The law also provides that a foreign arbitral award, when confirmed by the RTC, shall be
enforced in the same manner as final and executory decisions of courts of law of the
Philippines.
Indeed, this provision highlights the rationale why arbitration is considered the preferred
alternative in the international setting.

CONCLUSION

The enactment of the Alternative Dispute Resolution Act of 2004 (Republic Act No. 9285),
adopting the provisions of the Model Law, has paved the way to make Philippines one of
the international commercial arbitration in Asia. The law was indeed adopted not only to
address the perennial problems besetting the Philippines courts system like the clogged
court dockets, slow-paced litigation process, and costly litigation, but also to adjudicate
international disputes arising from the increasing number of international commercial
transactions. More importantly, the law was adopted to pave the way for transacting
parties to make their own arrangements in settling their disputes without seeking the
intervention of the courts.
Indeed, the ADR Law has made promises and being a relatively new law, with its
Implementing Rules and Regulation promulgated in the late 2000s, there is more to expect
in its implementation by competent and credible arbitrators and arbitration institutions
and in the interpretation of its provisions by the Supreme Court. Indeed, its
implementation is still in its initial stage.
There is a need to introduce arbitration to the general public as an alternative method of
dispute resolution. Millions of Filipinos may, until now, have little awareness of arbitration
as an alternative method of dispute resolution.

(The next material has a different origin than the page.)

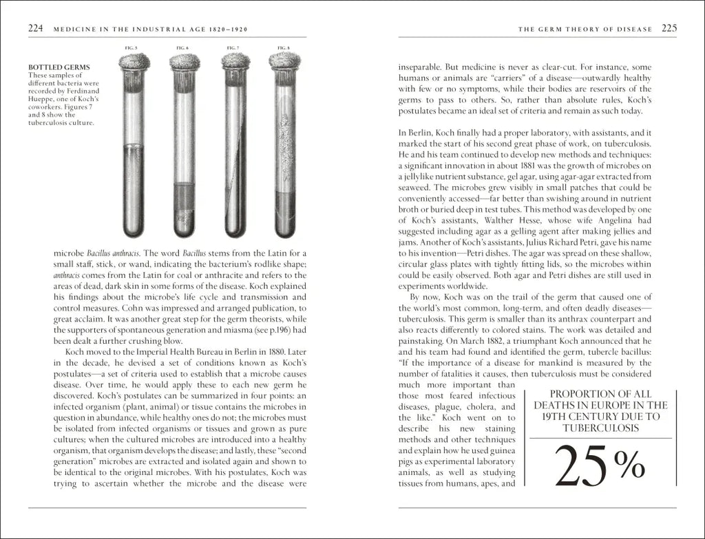 Witness early, bloody, anesthetic-free operations; see the first crude surgical instruments; trace the mapping of the circulatory system; follow the painstaking detective work that led to the decoding of the human genome; and understand the role that potions, cures, therapies, herbal medicines, and drugs have played in the human quest to tame and conquer disease, injury, and death.

And that is the reason why every time they
engage in a dispute, it is almost automatic to them to file a case in court. Thus, efforts
must be made to make it well-known and widely-practiced.
To encourage foreign parties to resort to arbitration in the Philippines, the courts must
provide minimal assistance to the arbitration proceedings. Unbridled intervention of the
courts in arbitration proceedings will consequently prevent parties from resorting to
arbitration and preclude foreign parties from choosing the Philippines as venue for
arbitration.
Finally, as an international commercial arbitration center, Philippines has long way to go.

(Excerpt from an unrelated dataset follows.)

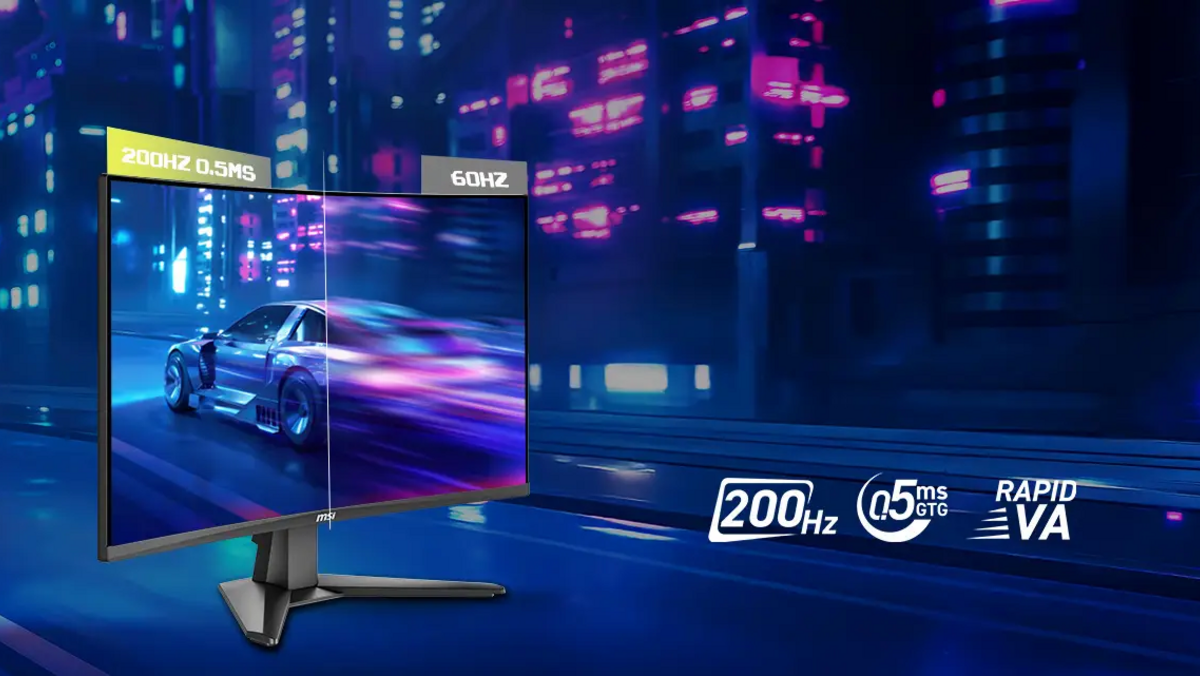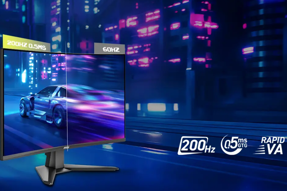 As 27 polegadas e curvatura 1500R são capazes de entregar um contraste típico de 3000:1 e uma profundidade visual envolvente. A resolução Full HD (1920×1080) combina com uma taxa de atualização impressionante de 200 Hz e tempo de resposta de apenas 0,5 ms (GtG), garantindo animações muito fluídas e sem atrasos. O monitor ainda suporta Adaptive-Sync, minimizando o tearing em placas gráficas compatíveis, e tem cobertura de cor de 98 % sRGB e 76 % DCI-P3, o que o torna versátil para gaming e consumo multimédia.

Efforts must be exerted by the government to improve the image of the Philippines and to
promote it as the seat of international commercial arbitration in Asia. The government
must show that Philippines is highly conducive to international commercial arbitration by
showing to them that Philippines highly values transparency, neutrality and impartiality,
and independence of judgment, and that only competent, conscientious and credible
arbitrators are appointed to handle arbitration proceedings.
Singapore and Hongkong may be ahead for now, but once the ADR centers in the
Philippines have been fully equipped, who knows Philippines might be the premiere center
for international commercial arbitration not only in Asia but also of the world?